Or, if you choose to do so, you may meditate upon God the Holy Spirit Consider His marvelous operations on your own heart—how He quickened it when you were dead in trespasses and sins—how He brought you near to Jesus when you were a lost sheep, wandering far from the fold—how He called you with such a mighty efficacy that you could not resist His voice—how He drew you with the bands of love which would not let you go. Think of how often He has helped you in the hour of peril—how frequently He has comforted you with His promises in times of distress and trouble. And if you remember that, like holy oil, He will always supply your lamp until life's last hour—He will always replenish you with His influences, proving Himself still your Teacher and your Guide till you get up yonder, where you shall see your Savior face to face, in the blessed Presence of the Father, and the Son, and the Holy Spirit—in such great truth you may well find a vast and, indeed, an infinite subject for your meditation.

But, tonight, I prefer rather to confine this word, "Him," to the Person of our adorable Savior ' 'My meditation of Him shall be sweet." Ah, if it is possible that the meditation upon one Person of the Trinity can excel the meditation upon another, it is meditation upon Jesus Christ—

"'Till God in human flesh I see, My thoughts no comfort find. The holy, just, and sacred Three Are terrors to my mind. But if Immanuel's face appears, My hope, my joy begins! His name forbids my slavish fears, His Grace forgives my sins."

Precious Jesus, what can be a sweeter theme for me to think of than Your exalted Being—to conceive of You as the Son of God, who, with the golden compasses, struck out a circle from space and fashioned this round world? To think of You as the God who holds this mighty orb upon Your shoulders, You who are the King of Glory, before whom angels bow in lowliest homage? And yet to consider You as, likewise, bone of my bone, and flesh of my flesh—

"In ties of blood with sinners one"— to conceive of You as the Son of Mary, born of a virgin, made flesh like ordinary men, clothed in garments of humanity like mortals of our feeble race—to picture You in all Your suffering life, to trace You in all Your passion, to view You in the agony of Gethsemane, enduring the bloody sweat, the sore amazement. And then to follow You to the pavement, Gabbatha, and thence up the steep side of Calvary, bearing the Cross, braving the shame when Your soul was made an offering for my sins, when You did die the reconciling death 'midst horrors, still to all but God, unknown! Verily, here is a meditation for my soul which must be "sweet" forever! I might, like the Psalmist, say, "My heart is composing a good matter." The marginal reading is, "it boils, or bubbles up, while I speak of the things which I have made touching the King: my tongue is the pen of a ready writer."
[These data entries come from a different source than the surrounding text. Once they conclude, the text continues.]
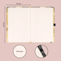 Uživajte v udobni uporabi zahvaljujoč premišljenim podrobnostim: elastična gumica beležnico varno zapre, notranji žep sprejme vizitke ali nalepke, zanka za svinčnik pa poskrbi, da imate pisala vedno pri roki.
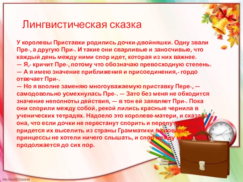 — Но я вполне заменяю многоуважаемую приставку Пере-, — самодовольно усмехнулась Пре-. — Зато без меня не обходится значение неполноты действия, — в тон ей заявляет При-. Пока они спорили между собой, рекой лились красные чернила в ученических тетрадях. Надоело это королеве-матери, и сказала она, что если дочки не перестанут спорить и перепутывать, то придется их выселить из страны Грамматики в словари. Но принцессы не хотели ничего слышать, и спор между ними продолжается до сих пор.
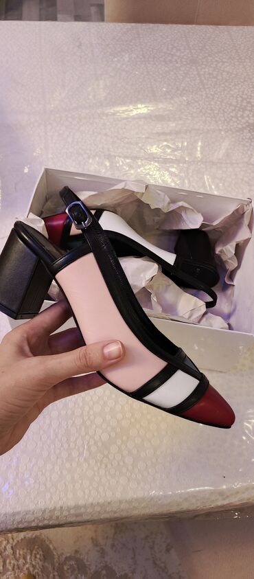 MARSEDO qadın gündəlik stiletto ayaqqabısı İstifadə: Sadəcə 1 dəfə geyinilib. Ölçü: 37 Qiymət: 60 azn alınıb, 25 azn satılır. - Model: Femme, sivri burunlu, arxası açıq (slingback) - Üst hissə: ç...

Christ! "My meditation of Him shall be sweet." Consider Christ in any way you please and your meditation of Him will be sweet. Jesus may be compared to some of those lenses you have perhaps seen which you may take up and hold in

one way and you see one light. You hold them in another way and you see another light—whichever way you turn them, you will always see some precious sparkling of light and some new colors starting up to your view. Ah, take Jesus for the theme of your meditation! Sit down and consider Him, think of His relation to your soul and you will never get to the end of that one subject!
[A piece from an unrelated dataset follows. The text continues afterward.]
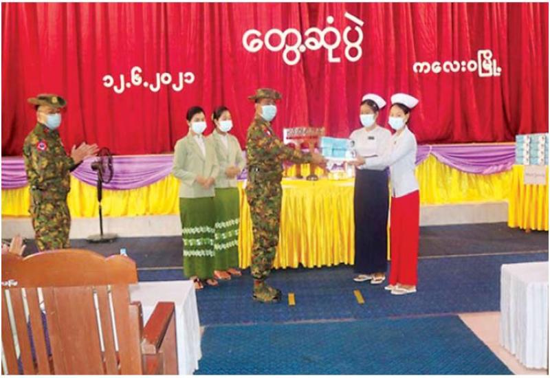 စစ်ကိုင်းတိုင်းဒေသကြီး ကလေးမြို့ရှိ ဌာနဆိုင်ရာဝန်ထမ်းများနှင့် ဒေသခံပြည်သူများအား ဇွန် ၁၂ ရက်တွင် ကာကွယ်ရေးဦးစီးချုပ်ရုံး(ကြည်း)မှ ဒုတိယဗိုလ်ချုပ်ကြီး ဖုန်းမြတ်နှင့် အဖွဲ့ဝင်များက ကလေးဝမြို့နယ်ခန်းမ၌ တွေ့ဆုံ၍ ကြက်ဥအလုံး ၅၀၀၊ ကုလားပဲ ပိဿာ ၅၀၊ ရွှေဖီဦး လက်ဖက် ခြောက်ထုပ်အထုပ် ၅၀၊ စားသောက် ဖွယ်ရာများနှင့် နှာခေါင်းစည်းအခု ၅၀၀၀ တို့ကို ပေးအပ်ရာ ကလေးဝမြို့နယ် စီမံအုပ်ချုပ်ရေးအဖွဲ့ ဥက္ကဋ္ဌ ဦးဇော်မိုးအောင်နှင့် ဒေသခံပြည်သူများက လက်ခံရယူကြသည်။

Think of His eternal relationship to you! Remember that the saints were free from all condemnation, in union with the Lamb, before the world was made. Think of your everlasting union with the Person of Jehovah-Jesus before this planet was sent rolling through space, and remember how your guilty soul was accounted spotless and clean even before you fell! And after that dire lapse, before you were restored, justification was imputed to you in the Person of Jesus Christ. Think of your known and manifest relationship to Him since you have been called by His Grace. Think how He has become your Brother, how His heart has beaten in sympathy with yours, how He has kissed you with the kisses of His mouth and His love has been to you sweeter than wine. Look back upon some happy, sunny spots in your history, where Jesus has whispered, "I am yours," and you have said, "My Beloved is mine. Think of some choice moments when an angel has stooped from Heaven and taken you up on his wings and carried you aloft to sit in heavenly places where Jesus sits, that you might commune with Him.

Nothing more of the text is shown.